OOM crashing several times per day
Steps to reproduce
Unclear. I am trying using the app per normal.
Crashes feel more frequent after sending messages in encrypted rooms though. I've noticed it mostly while marking rooms as read by clicking through several in my room list.
Outcome
What did you expect?
n/a
What happened instead?
Crashing to blank page. Started happening within the last week. This is annoying because it takes 5-10 minutes for the app to start back up again.
Operating system
Windows 11
Application version
Element Nightly version: 0.0.1-nightly.2024090101 Crypto version: Rust SDK 0.7.1 (c8c9d15), Vodozemac 0.6.0
How did you install the app?
The Internet
Homeserver
t2l.io
Will you send logs?
Yes
I think there's a memory leak somewhere in the timeline/room view. I've noticed crashing more frequently with the number of rooms I switch to. Speed of the switching does not appear to affect the bug (clicking through my room list at 5Hz vs 0.25Hz makes no difference - it crashes eventually after ~50 or so clicks). It may be one room in particular that's causing the crashing, but I've not yet found the pattern.
Many of my rooms are encrypted.
This is now getting as bad as crashing within minutes after restarting. I didn't even get to read a message before it crashed again.

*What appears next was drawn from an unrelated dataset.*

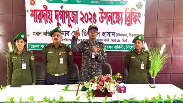 তিনি বলেন, সনাতন ধর্মালম্বীদের সর্বোচ্চ ধর্মীয় অনুষ্ঠান শারদীয় দুর্গাপূজা অত্যন্ত ভাবগাম্ভীর্য ও উৎসবমুখর পরিবেশে উদযাপনের লক্ষ্যে বাংলাদেশ আনসার ও গ্রাম প্রতিরক্ষা বাহিনীর মহাপরিচালক মেজর জেনারেল আবদুল মোতালেব সাজ্জাদ মাহমুদ, এসজিপি, বিএএম, এনডিইউ, এএফডব্লিউসি, পিএসসি এর নির্দেশনা মোতাবেক সারাদেশের ন্যায় সিলেট রেঞ্জেও চারটি জেলায় ২৭০৩ টি পূজা মন্ডপে ১৭১৭৮ জন (প্রায়) আনসার ভিডিপি সদস্য/সদস্যা মোতায়েন থাকবেন ।

My account is too large for a heap/allocation profile, but I can run the detached nodes profile multiple times. It appears we're collecting RoomView references, possibly from clicking rooms too quickly.
The message preview tiles tend to clean themselves up eventually (probably just some React thing). The RoomViews persist, however.
I've done some local poking in https://github.com/element-hq/element-web/commit/1324181a596bbb0ee245ef0def223c2621aef92c and had mild success: about 10% fewer rooms got stuck, but that's hardly a fix. I haven't been able to figure out what is consistent between all the rooms getting stuck to figure out what might be sticking.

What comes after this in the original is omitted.